Continuing with our NGL Benchmarking series, this month let us take a deep dive into another key basin – the Bakken. A drop in crude prices due to the COVID19 and OPEC price war has hit Bakken shale basin hard, with ~0.7 Bcf/d and ~0.4 Million Bpd drops in gas and oil production, respectively, since Dec 2019. This has also impacted NGL production out of the Bakken. Will Bakken regain its glory any time soon? The uncertainty on DAPL’s future has added one more wrinkle to the situation…
Where we have been to where we are:
Drilling activity in Bakken has drastically slowed down, with rig count dropping from the highs of 53 in Jan-2020 to 10 today, according to Baker Hughes. We’ve seen this story before: from late 2014-early 2015, we saw a big dip in the crude oil price followed by falling rig counts in the basin. The Bakken rig count (and crude oil prices) never fully recovered to pre-2014 levels, stabilizing around 50 rigs on average. Current oil prices appear stable at around $40/Bbl although we have not yet seen any recovery in drilling activity.
Natural gas flaring in the basin has decreased the past two quarters, partly due to additional gas processing capacity from multiple new gas processing plants, and also because of the drop in production activity In 1Q 2020. The Bakken processed around 2.5 Bcf/d of wet gas (or ~80% of total gas produced), largely associated with crude oil production. Gas processing infrastructure has increased along with wet gas production. Current processing capacity in the Bakken currently stands at ~3.2 Bcf/d, with basin aggregate utilization at 79% for 1Q 2020.
Unlike the Permian, the Bakken gas processing landscape is highly consolidated (just like Appalachia). The top 5 processors operated 80% of total capacity and 83% of processed volumes in 1Q 2020. Oneok was the top processor, with capacity of 1.4 Bcf/d in the basin; it processed about 1.1 Bcf/d of gas. Challenging ethane frac spreads has resulted in increased ethane rejection in Bakken since Dec 2019. Through late 2Q 2020, ethane prices at Mont Belvieu had been soft, barely staying above natural gas prices in the U.S. Gulf Coast. Since Bakken is the farthest region from Mont Belvieu relative to other U.S. shale basins (and therefore faces higher T&F fees), there is little to no economic incentive for Bakken gas producers to extract high levels of ethane. This dynamic resulted in ethane rejection to the tune of ~230 MBPD for 1Q 2020. Ethane extracted in 1Q 2020 for the Bakken basin was a mere 73 MBPD, or about ~24% of total estimated ethane entrained in the gas stream.

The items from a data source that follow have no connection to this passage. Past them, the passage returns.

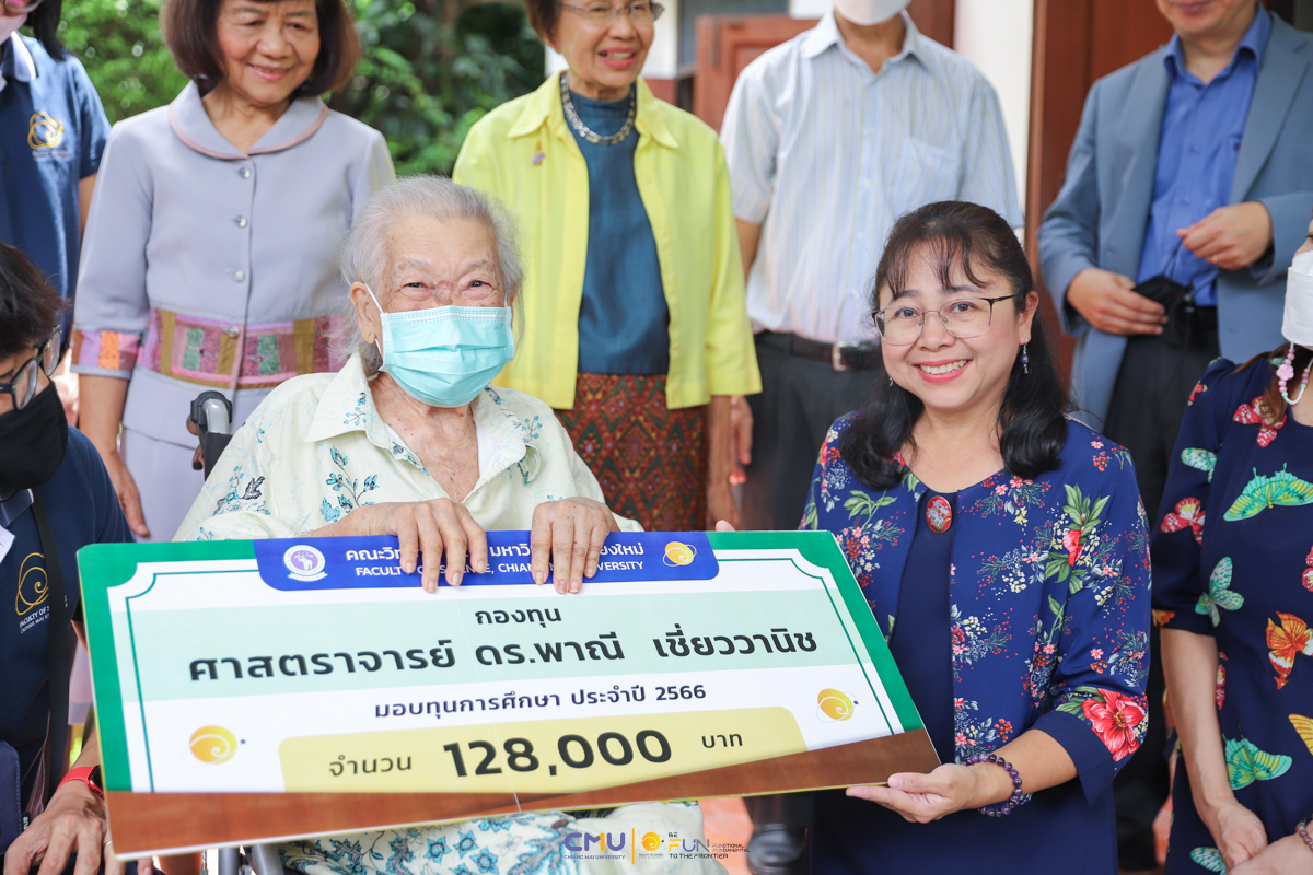 ศาสตราจารย์ ดร.พาณี เชี่ยววานิช อดีตอาจารย์ประจำภาควิชาชีววิทยา คณะวิทยาศาสตร์ มอบเงินจาก กองทุน ศาสตราจารย์ ดร.พาณี เชี่ยววานิช เพื่อเป็นทุนการศึกษาแก่นักศึกษาคณะวิทยาศาสตร์ จำนวน 128,000 บาท โดยมี ศาสตราจารย์ (เชี่ยวชาญพิเศษ) ดร.ธรณินทร์ ไชยเรืองศรี คณบดีคณะวิทยาศาสตร์ พร้อมด้วยผู้บริหาร ผู้เกษียณอายุงาน และบุคลากร เข้ารับมอบเงิน และร่วมแสดงความขอบคุณ ในวันที่ 5 กรกฎาคม 2566
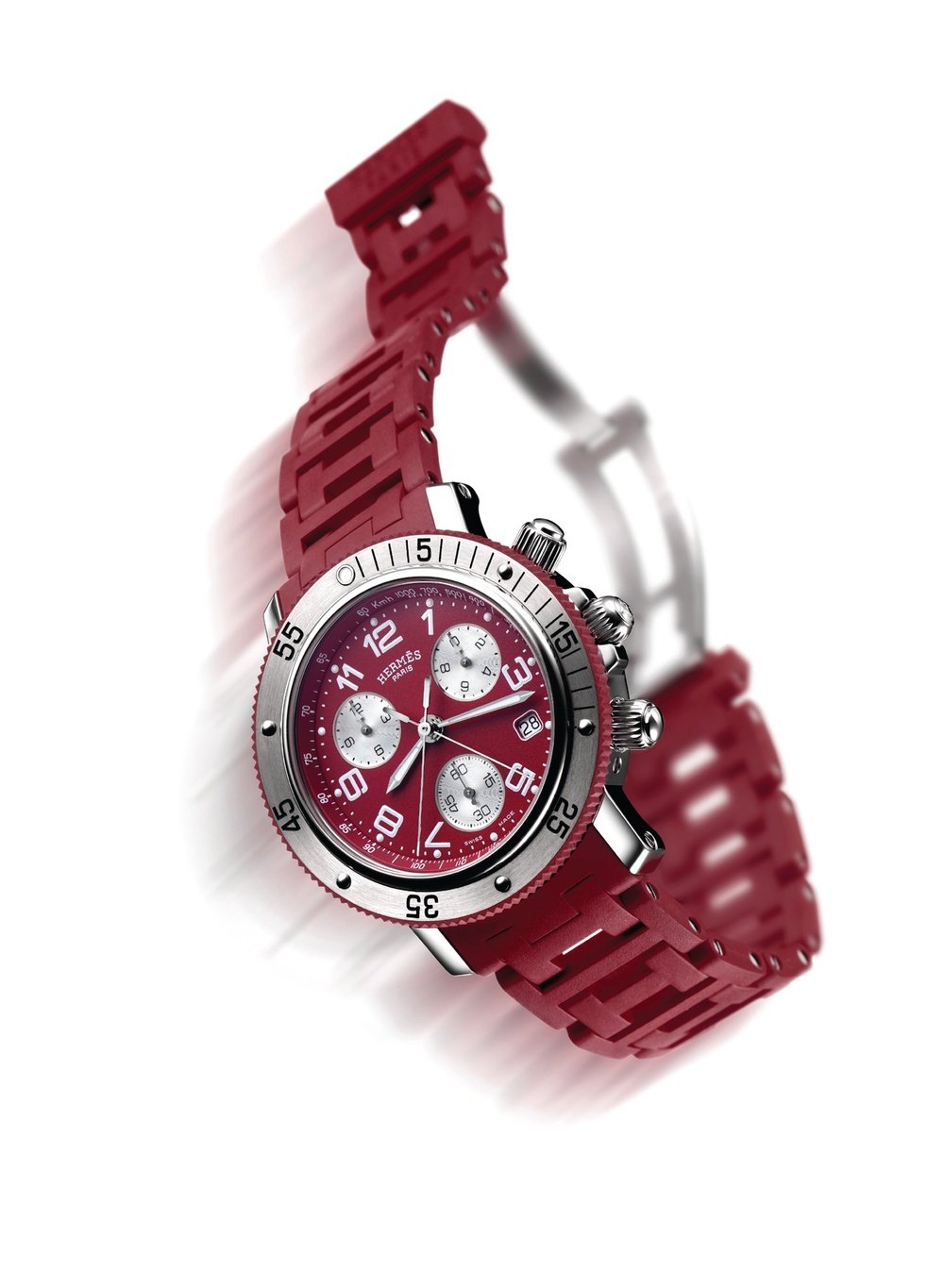 Easily recognisable thanks to its porthole-shaped bezel, the Clipper watch is being treated in 2005 to some original new straps, composed of eight rubber links covering steel inserts.
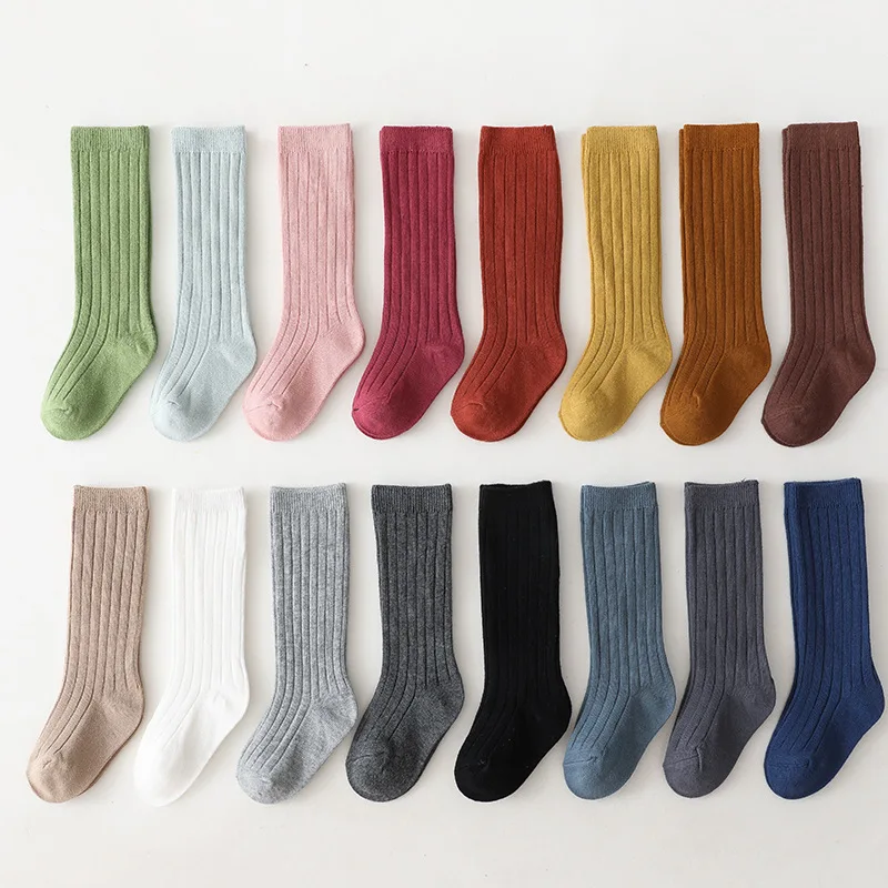 Детские ребристые носки, детские милые испанские носки для новорожденных, для девочек и мальчиков, ярких цветов, до колена, горячая распродажа
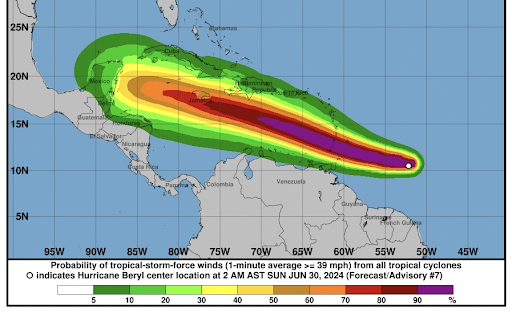Asimismo, Beryl se mueve hacia el oeste a unos 33 kilómetros por hora y se espera que continúe con este movimiento durante los próximos días. Sus vientos máximos sostenidos son estimados en unos 155 kilómetros por hora con ráfagas superiores.
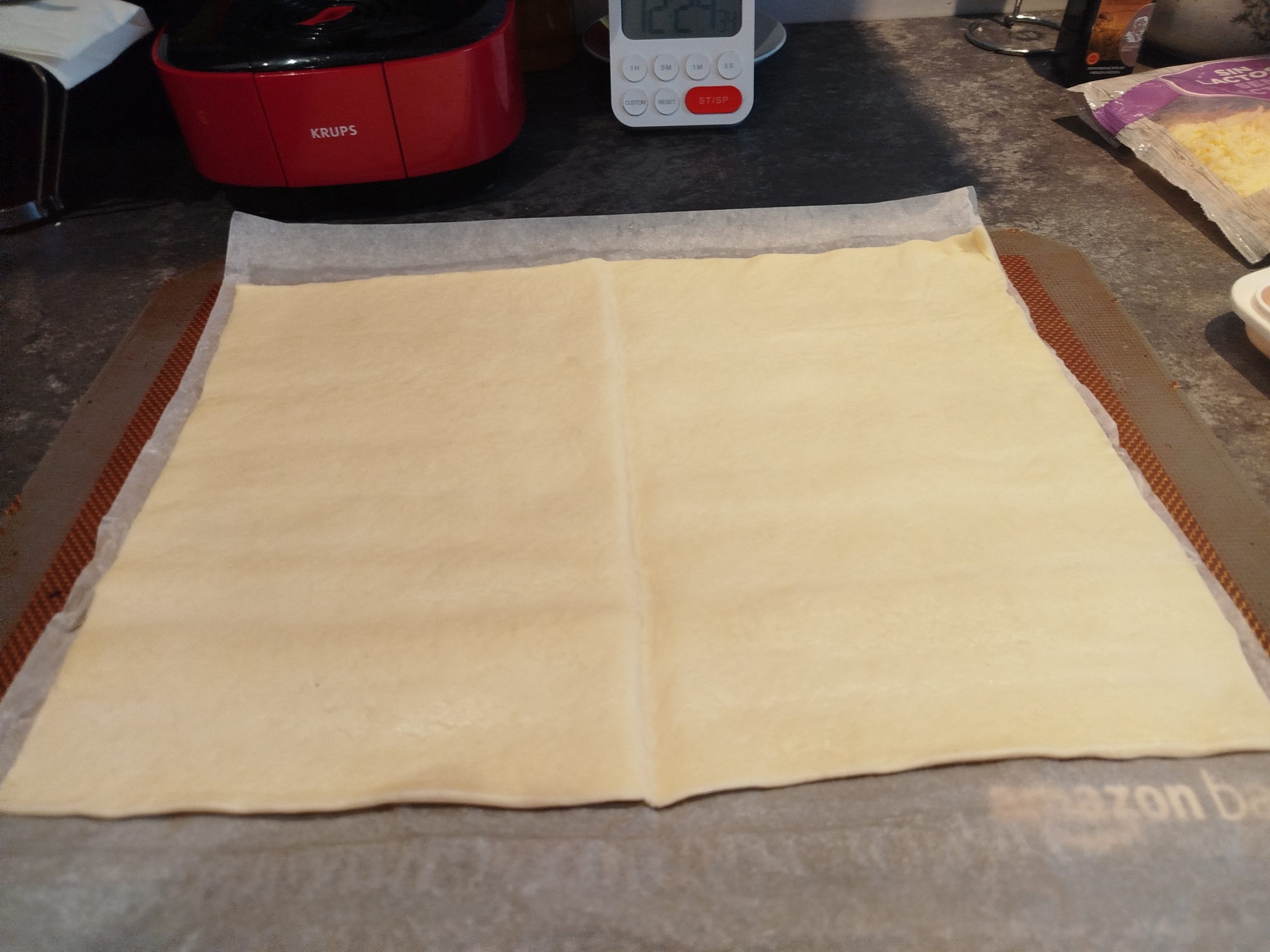 Extender la masa de empanada, en su mismo papel, y luego suelo colocar sobre un tapete de silicona, para poder manejar mejor.
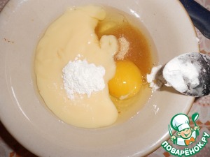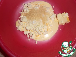 К размягченному маслу добавить сахар, творог, муку с разрыхлителем, щепотку соли.
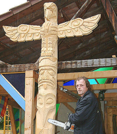 Drei Meter hoch ist Walter Schwarz' erster Totempfahl.
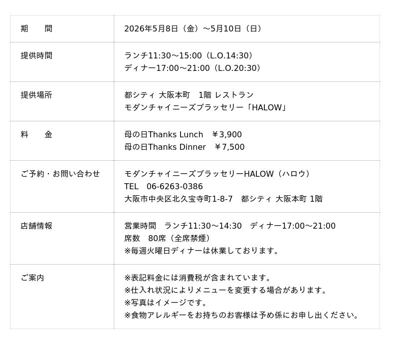 都シティ 大阪本町(所在地:大阪市中央区北久宝寺町1-8-7)は、2026年5月8日(金)から5月10日(日)までの3日間限定で、館内レストラン モダンチャイニーズブラッセリー「HALOW」(ハロウ)にて母の日限定メニューを提供します。
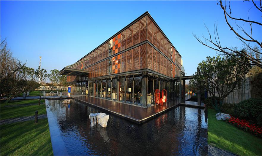 Nanjing is located next to tourism and cultural city of Yangzhou, Wuxi, Suzhou and other typical southern garden cities, which has a superior geographic location. As an important connection hub of Nanjing cross-river development strategy, Jiangxinzhou is planned to be built as an “ecological and tech city, low-carbon and intelligent island” and this project is located in here. Designers introduced this concept and combined with the local culture essence to create a feature landmark landscape for this project.
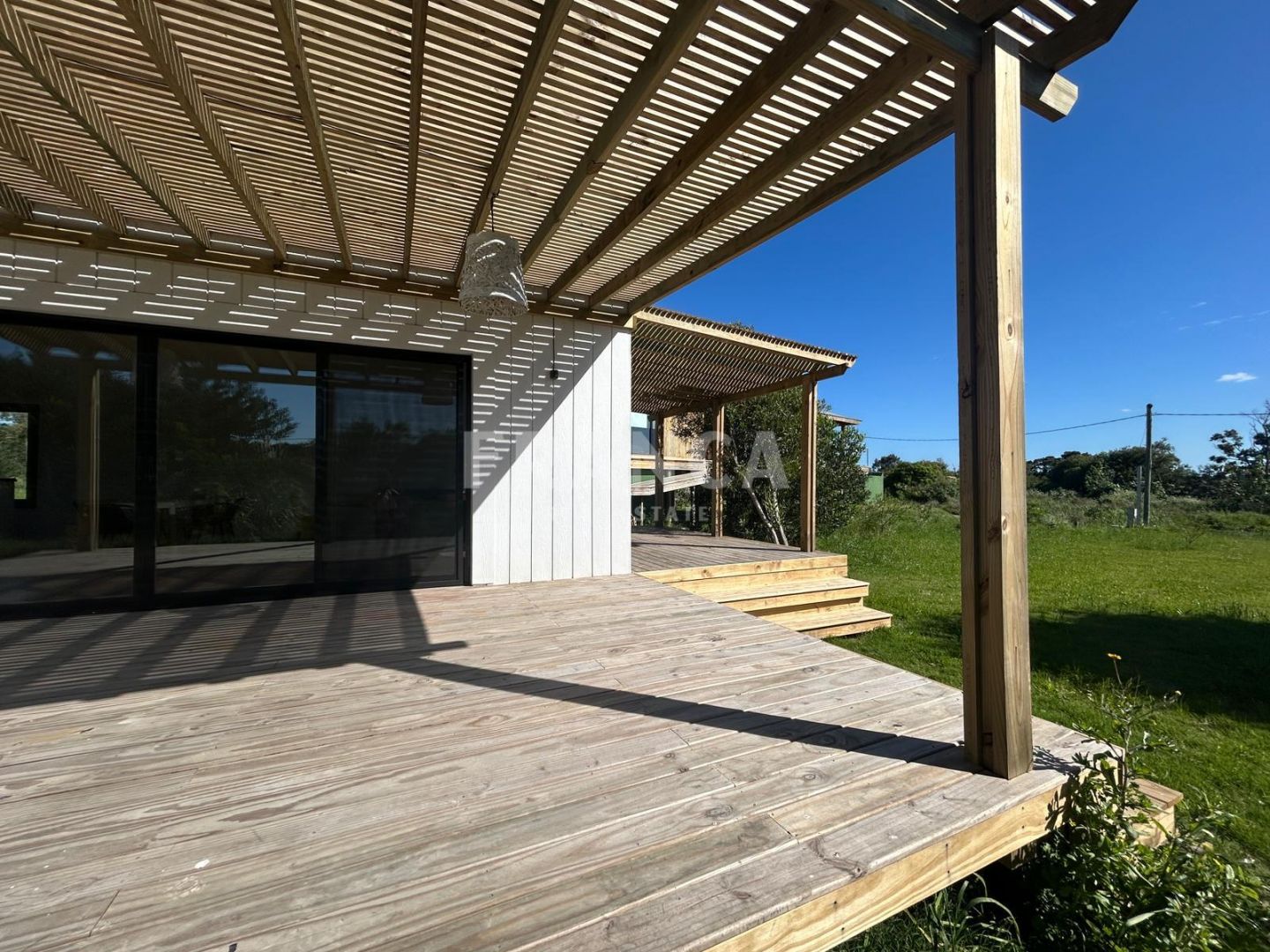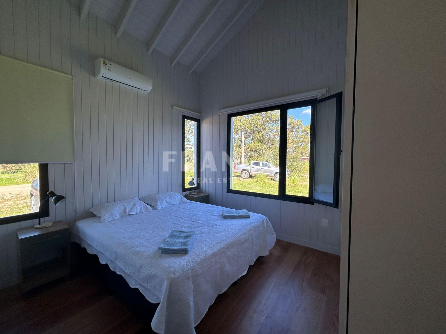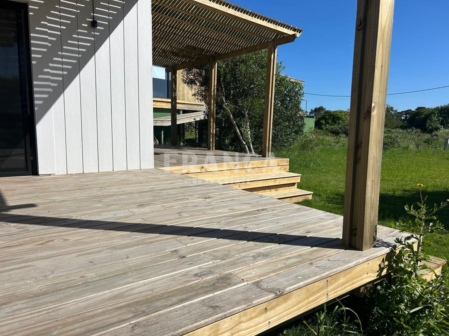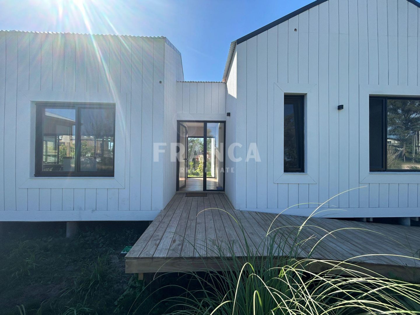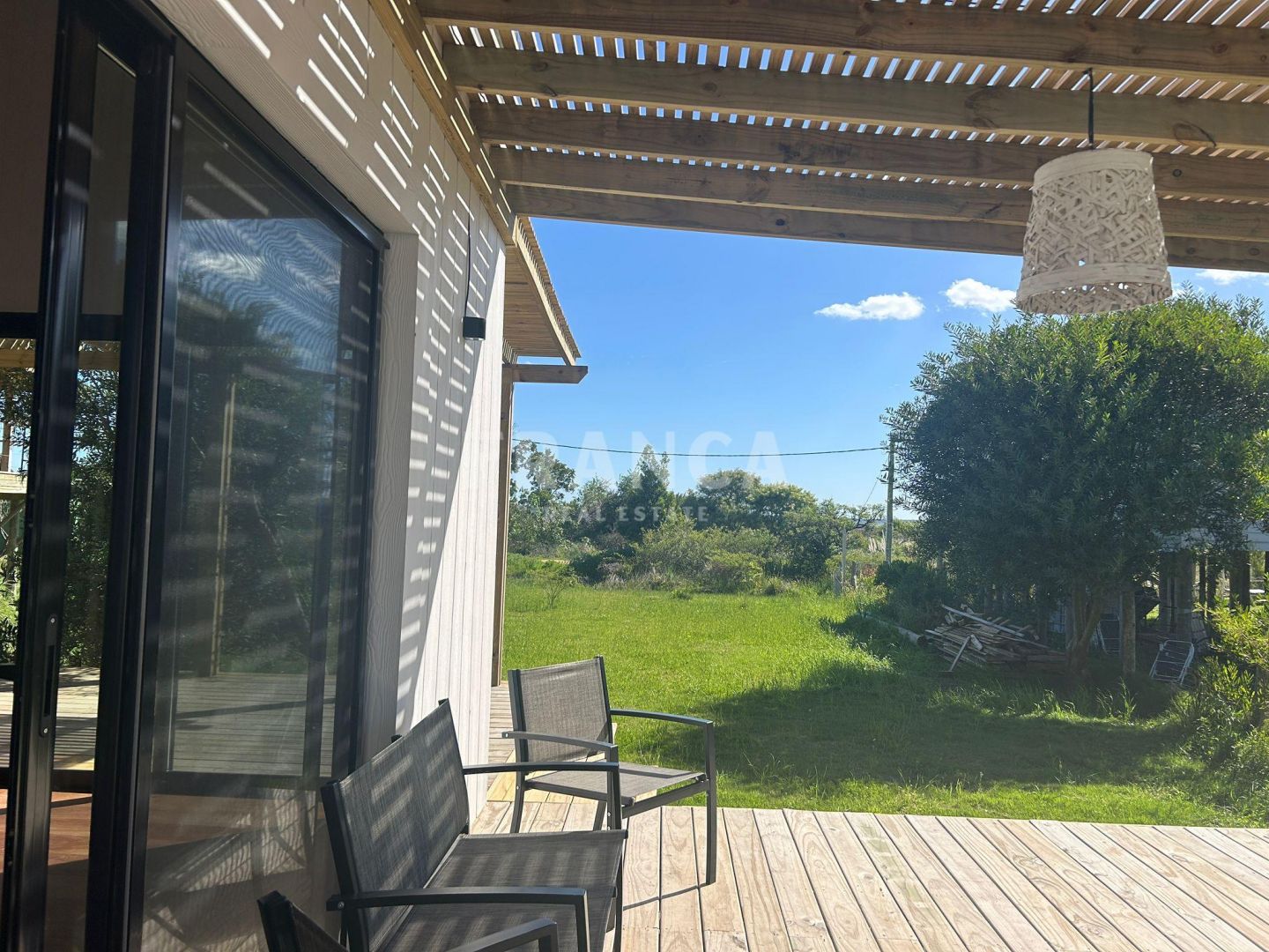 Ubicada sobre un terreno de 850 m²,dentro del fraccionamiento La Escondida. Esta casa combina diseño moderno, eficiencia y calidez. Construida con sistema woodframe y revestida en siding exterior, ofrece 110 m² interiores mas una amplia galería en ?L? de 60 m² semicubierta, ideal para disfrutar del entorno al aire libre.En el interior cuenta con una suite principal, un dormitorio amplio, un cuarto adicional más pequeño y un baño completo que asiste a ambos. El living, comedor y cocina se integran en un mismo ambiente generando un espacio luminoso y funcional.Equipada con aires acondicionados y blackouts en todos los cuartos, esta propiedad ofrece gran confort térmico y acústico.La orientación noroeste garantiza excelente luminosidad natural durante todo el día, haciendo de esta casa una opción cómoda, eficiente y acogedora.

Propane+ (C3+) supply in the Bakken basin for 1Q 2020 stands at 267 Mbpd, with OneOk’s share at ~125 Mbpd, about 47% of the basin’s C3+. Since 4Q 2019, the OneOk Elk Creek pipeline has been a game-changer for disposition of the Y-grade barrel. As expected, there has been a significant drop in rail utilization to move Y-grade supply. The percentage share of rail/truck dropped from ~70% in 2018 to just ~20% in 1Q 2020. To make matters worse for Bakken producers (and prolong crude oil recovery), A federal judge’s recent order to take Dakota Access Pipeline be out of service for a year or more starting August 5. The decision could wreak havoc for producers in the Bakken Shale at a time when they are still reeling from drastic, COVID-related production curtailments. Energy Transfer (DAPL’s operator) has since won a stay order, but uncertainty remains as to how this will impact crude recovery and therefore NGLs in the Bakken.
Where we go from here:
Drilling activity in the Bakken has drastically slowed due to COVID-19: recovery may be a painful and prolonged process, especially if DAPL temporarily ceases operations. Consequently, midstream companies are also slowing expansion plans. Current available pipeline and rail capacity is insufficient to meet takeaway needs, after the DAPL ruling. Even at full utilizations (which is not possible, practically), they might just be able to ship 1 Million BPD of oil from the basin – still lower than the production highs seen pre-COVID. Even then, connectivity issues arise, as not all the producers who used the DAPL will have access to alternative logistics.
On the midstream end, around 400 MMcf/d of new processing capacity addition have been put on hold. Another 400 MMcf/d of new processing capacity is scheduled to come online by Mid 2021.